Cullen’s quiet quirkiness rallies team

According to teammates and coaches, Kara Cullen’s bite is definitely worse than her bark.

Cullen, a 6-foot-1 powerhouse middle hitter on the Gannon University volleyball team, has been a cornerstone for the Knights since her arrival in fall 2008.

Her accolades speak for themselves – in high school, she was named “Boston Globe” Player of the Year in 2007, was a two-time Massachusetts Volleyball Coaches Association Division I all-state selection and was awarded All-America honors by maxpreps.com.

As a true freshman at Gannon, she led the team in block solos, block assists and total blocks and finished second in kills. She also led the Pennsylvania State Athletic Conference and ranked 17th of all NCAA Division II players in blocks per game.

She has only gotten better since then; as a sophomore she was again the team leader in both solo and assisted blocks, but also led in hitting percentage as well. She earned all-region status that year as well, a feat that she repeated in her junior year, in which she also recorded a personal-best hitting percentage of .324. This was the third-highest of PSAC players and the eighth-best single-season effort in Gannon history.

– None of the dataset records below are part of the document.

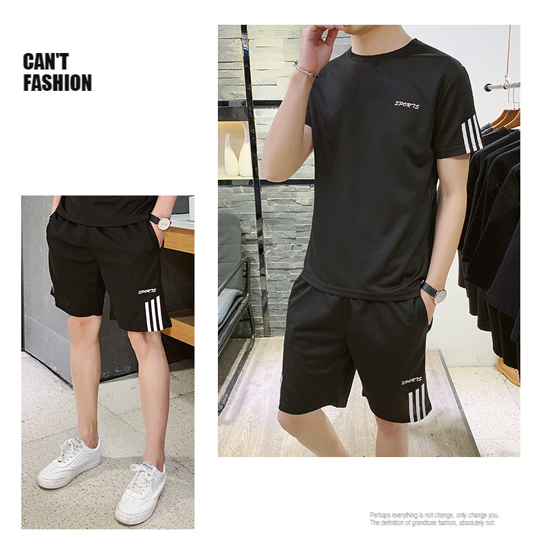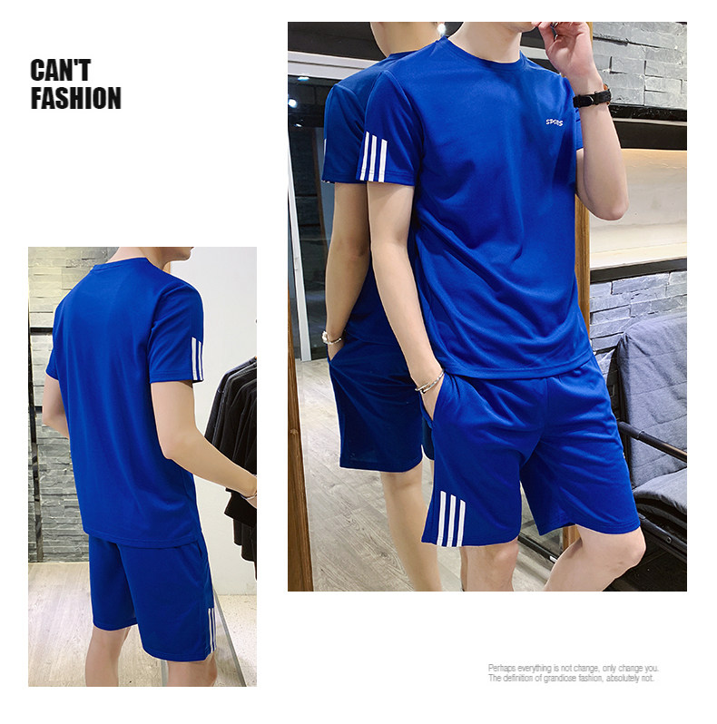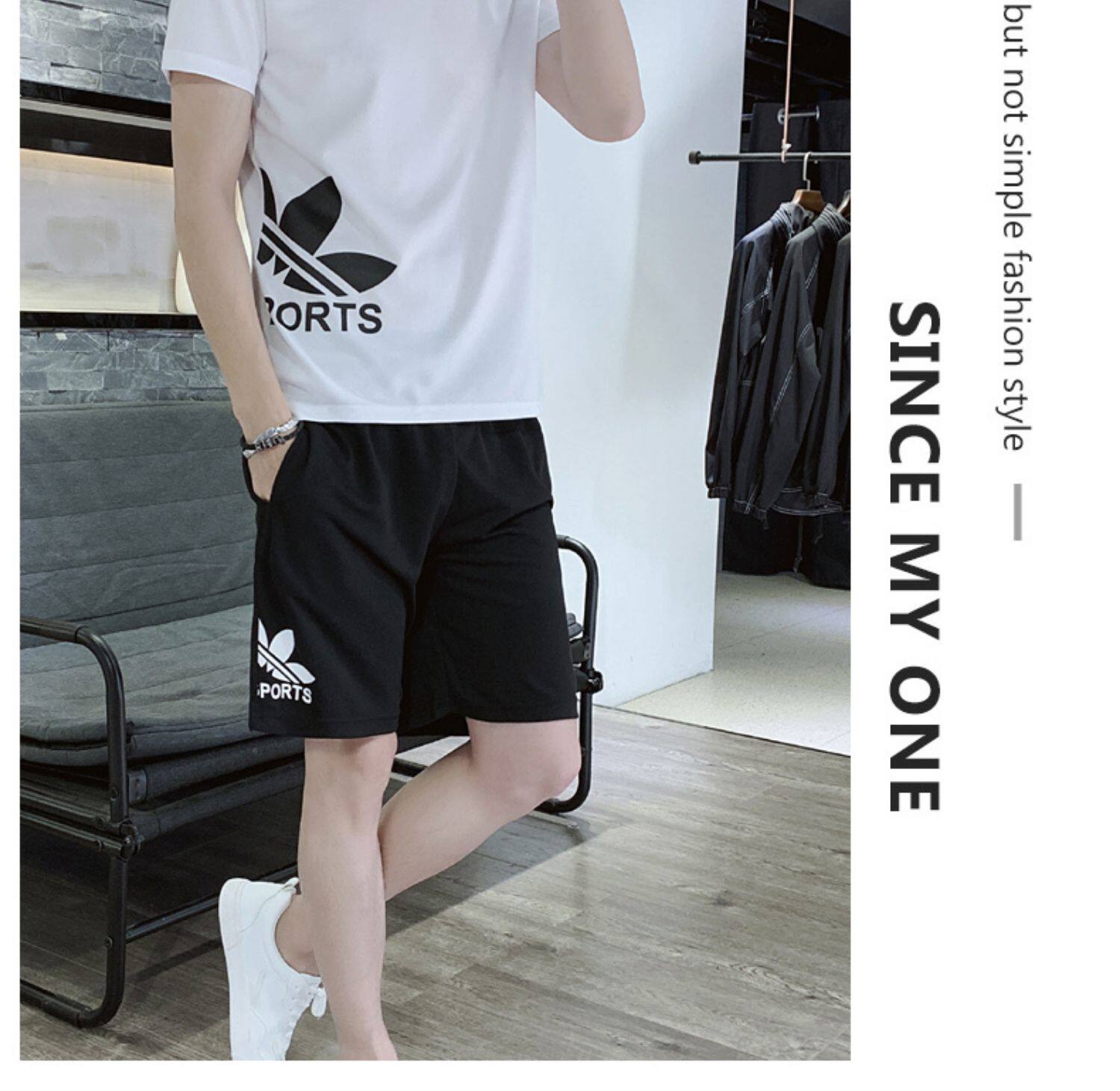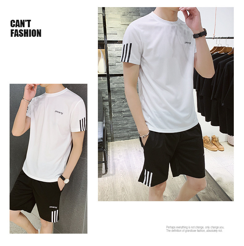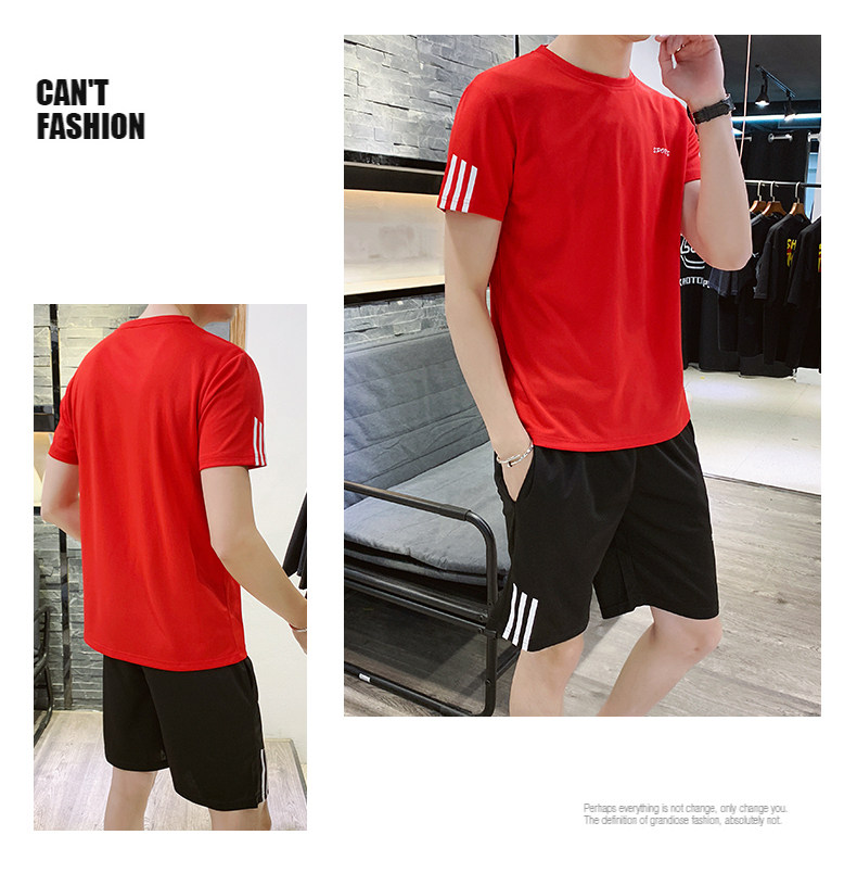 Мужской летний шелковый быстросохнущий спортивный костюм, трендовые тонкие шорты, футболка с коротким рукавом, простой и элегантный дизайн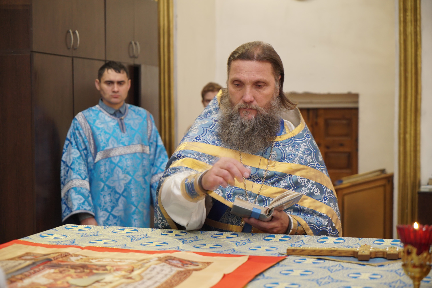 На сугубой ектении были произнесены особые прошения: «…о еже прияти молитвы нас недостойных рабов Твоих в сию годину испытания, пришедшую на Русь Святую…». Затем правящий архиерей вознес молитву о Святой Руси.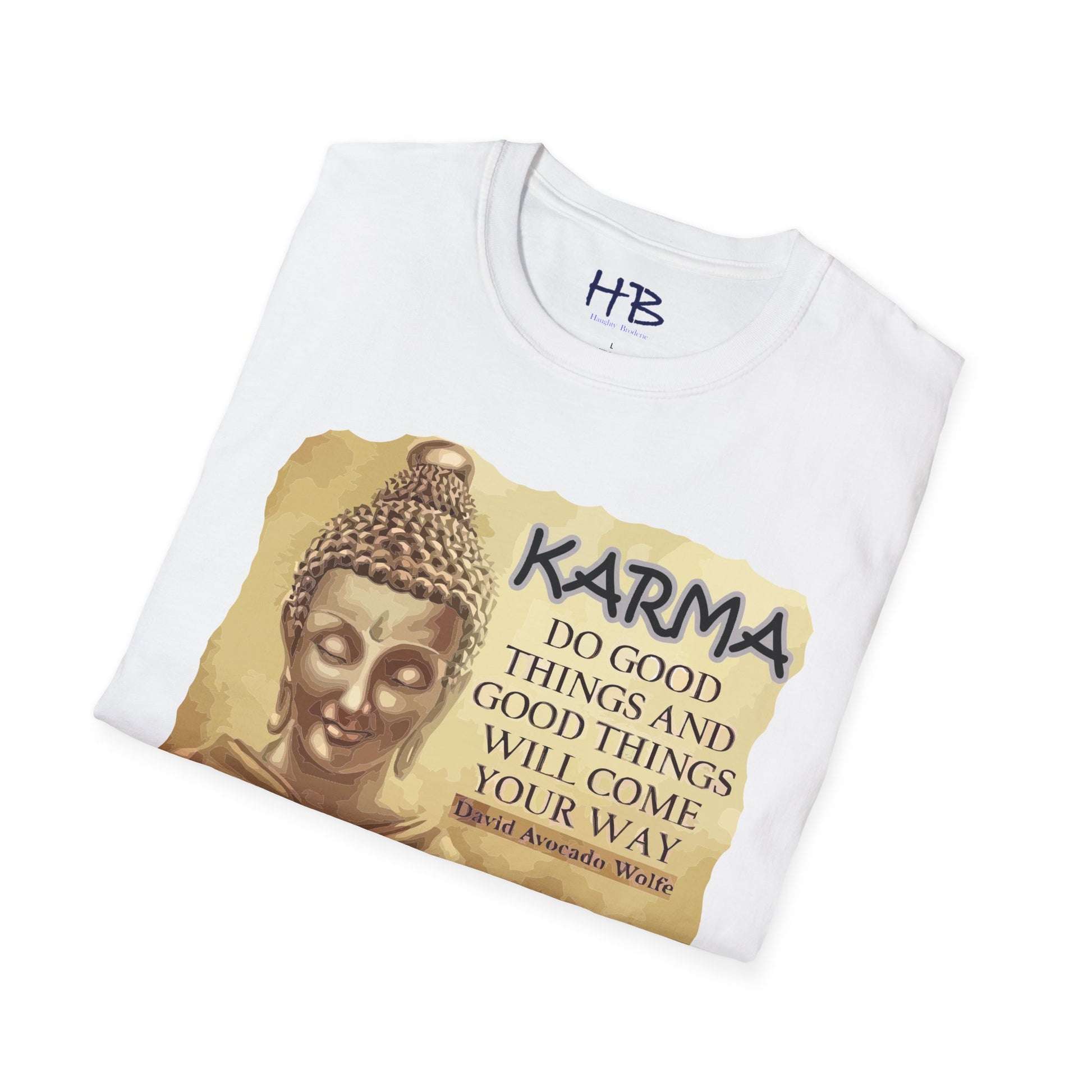 Introducing our captivating tee shirt, featuring a mesmerizing image that encapsulates the essence of karma and the power of positive actions. Picture a serene statue of a meditating person, radiating tranquility and inner peace. Emblazoned with the wise words of David Avocado Wolfe, the text boldly states, "KARMA: Do good things and good things will come your way."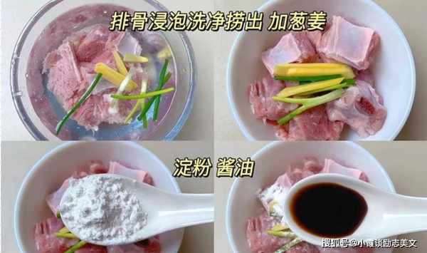 第四步:将排骨放入容器中,加入少许姜丝和葱花,加入一勺淀粉,加入原味酱油和一勺料酒去腥。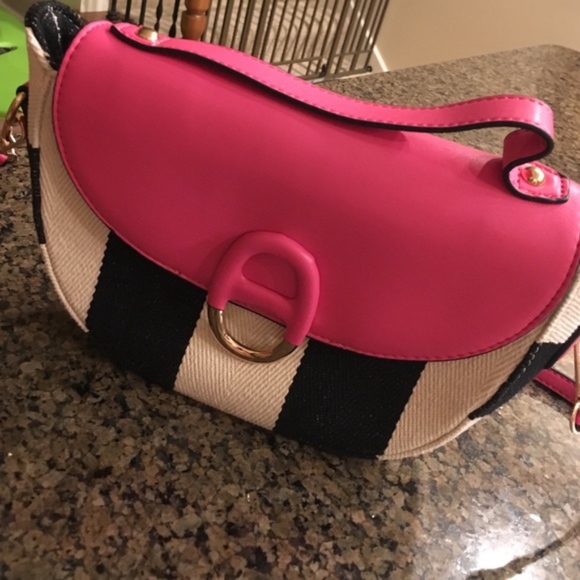 Perfectly adorable striped bag! Pink faux leather flap top with matching straps. Black and white striped fabric body. Zipper and phone pockets inside. Zip and button closure.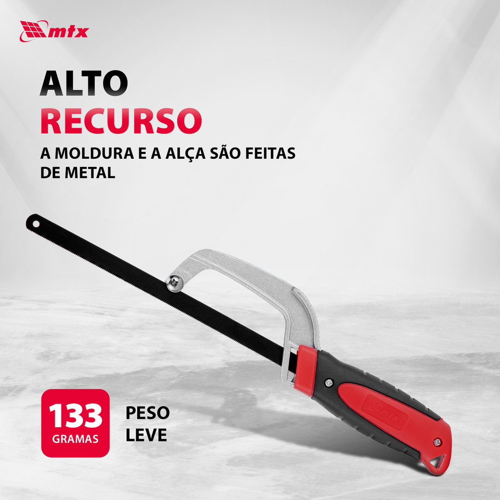 Serra para Metal MTX 7756059 – Leve, Resistente e Ideal para Cortes em Locais de Difícil Acesso A serra MTX 7756059 com lâmina de 250 mm é a escolha perfeita para cortes precisos em metal e plástico, sendo ideal para trabalhos de construção, reparos e manutenções de pequeno porte. Seu design compacto e funcional facilita o uso em locais de difícil acesso, garantindo praticidade em situações desafiadoras. Construída com quadro e alça de metal, a ferramenta oferece resistência e durabilidade, suportando uso intensivo em ambientes semiprofissionais. Com peso leve de apenas 133 g, a serra permite longos períodos de trabalho sem causar fadiga, contribuindo para maior produtividade. Para maior ergonomia, a serra conta com alça superior, que melhora o controle durante o corte em posições mais difíceis. Já a alça traseira emborrachada, com superfície em relevo, proporciona um agarre confiável e seguro, evitando deslizamentos mesmo com as mãos suadas ou em ambientes com poeira. Compacta, leve e resistente, a serra MTX 7756059 combina eficiência, conforto e durabilidade, sendo indispensável na maleta de ferramentas de qualquer profissional ou entusiasta do faça você mesmo.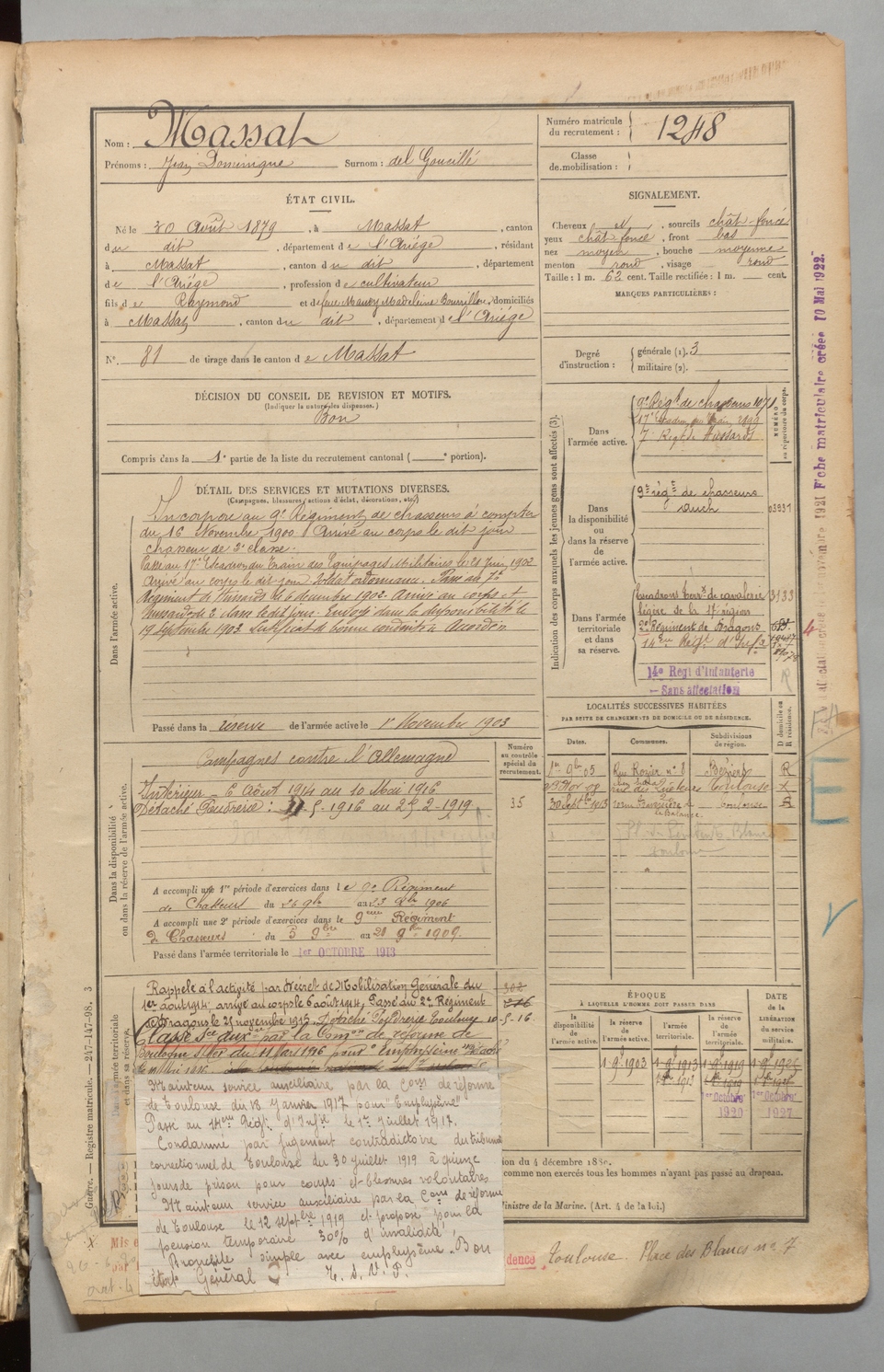 | Massat | Jean Dominique dit Del Goucillé | FOIX | 1 R 458 | 1899 | Massat | Massat | 1248 |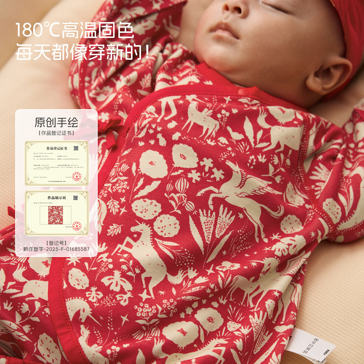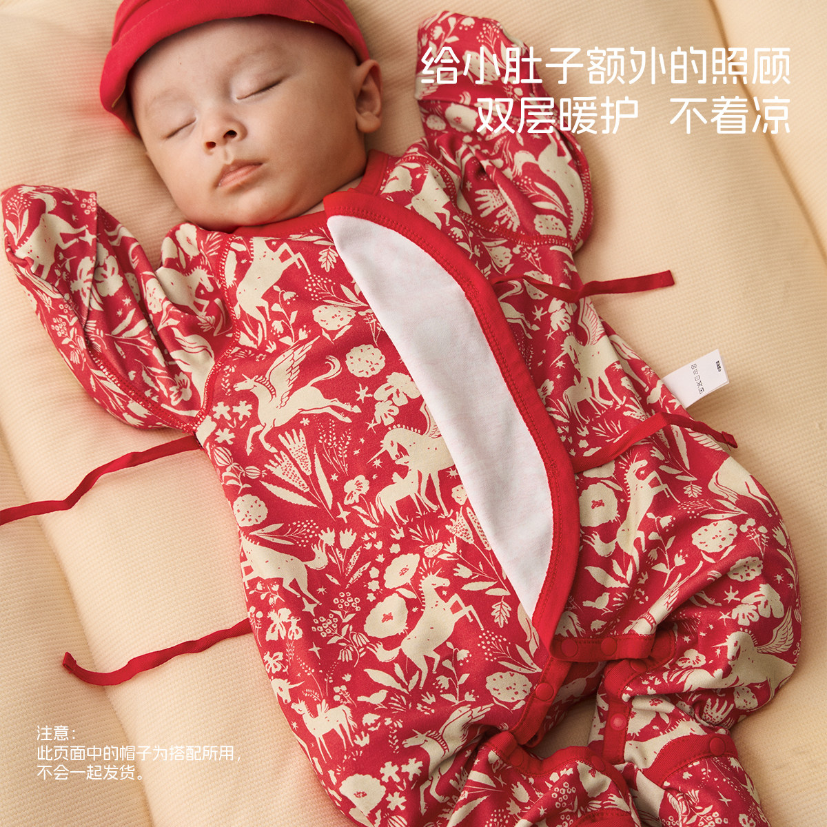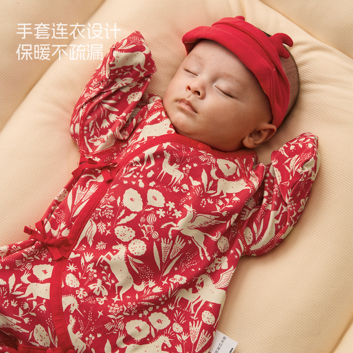 [梅尔卡特]aqpa新生儿婴儿连体衣春秋保暖纯棉新年红满月宝宝衣服

But the statistics and awards are not what make her the player she is.

In fact, coach Matt Darling said that he is not quite sure what makes Cullen tick even after four years as her coach.

“Kara is definitely one of a kind, but the secret of her personality remains elusive to me,” he said. “She seems to be very open with her friends and teammates, and I’ve loved coaching her every day, but I’ve only had a few glimpses into the real Kara Cullen.”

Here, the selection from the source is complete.